Collins Spanish Dictionary, Complete & Unabridged Edition
- Title page of the Eighth Edition
- Author: Colin Smith (previous editions), various other contributors
- Language: English, Spanish
- Subject: Lexicography
- Genre: Bilingual dictionary
- Publisher: HarperCollins, Grupo Editorial Random House Mondadori S.L.
- Publication date: 1971, 1988, 1992, 1993, 1996, 2007, 2000, 2003, 2005
- Publication place: United Kingdom, United States, Spain
- Media type: 1 hardback volume
- Pages: 2141 (eighth edition)
- ISBN: 978-0-00-718374-6 (UK) 0-00-718374-7 (UK) 84-253-3940-5 (ES)
- OCLC: 223184012
- Dewey Decimal: 463/.21 22
- LC Class: PC4640 .C595 2005

= Collins Spanish Dictionary =

Collins dictionary for Spanish and English

The Collins Spanish Dictionary is a bilingual dictionary of English and Spanish derived from the Collins Word Web, an analytical linguistics database.

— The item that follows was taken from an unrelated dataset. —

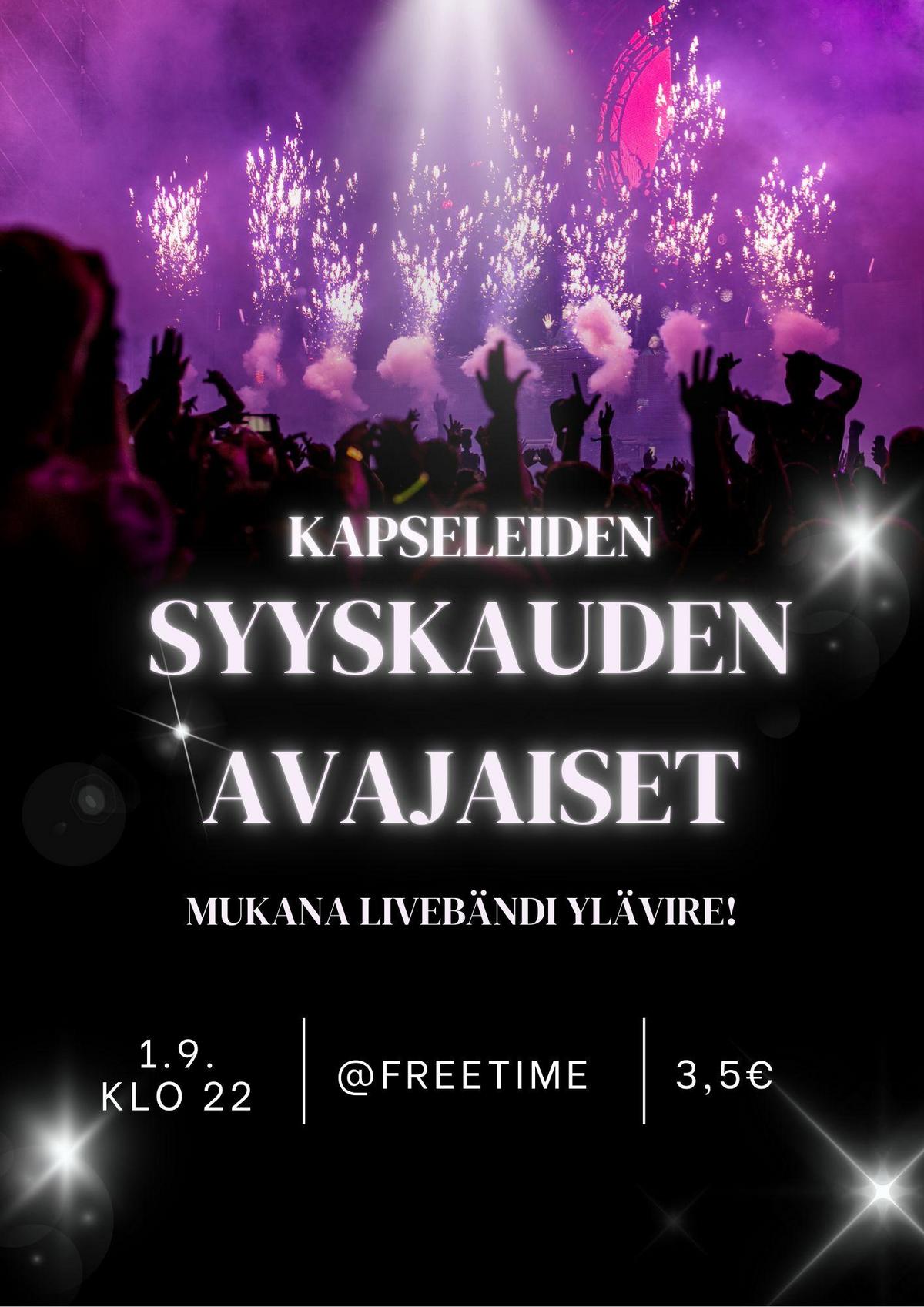 Maanantaina 1.9. Freetimen valtaa KAPSELIIT, jeee On siis aika mega mahtaville Kapseleiden syyskauden avajaisille Bileissä nähdään myös esiintymässä huikea Ylävire, joten tätä et halua jättää välistä

As well as its primary function as a bilingual dictionary, it also contains usage guides for English and Spanish (known as Lengua y Uso and Language in Use respectively) and English and Spanish verb tables. In 2009, the dictionary was brought to the iPhone & iPad platform. The iOS app of this dictionary, which has become one of the most popular Spanish dictionaries in the App Store since then, is developed by Cole Zhu Inc.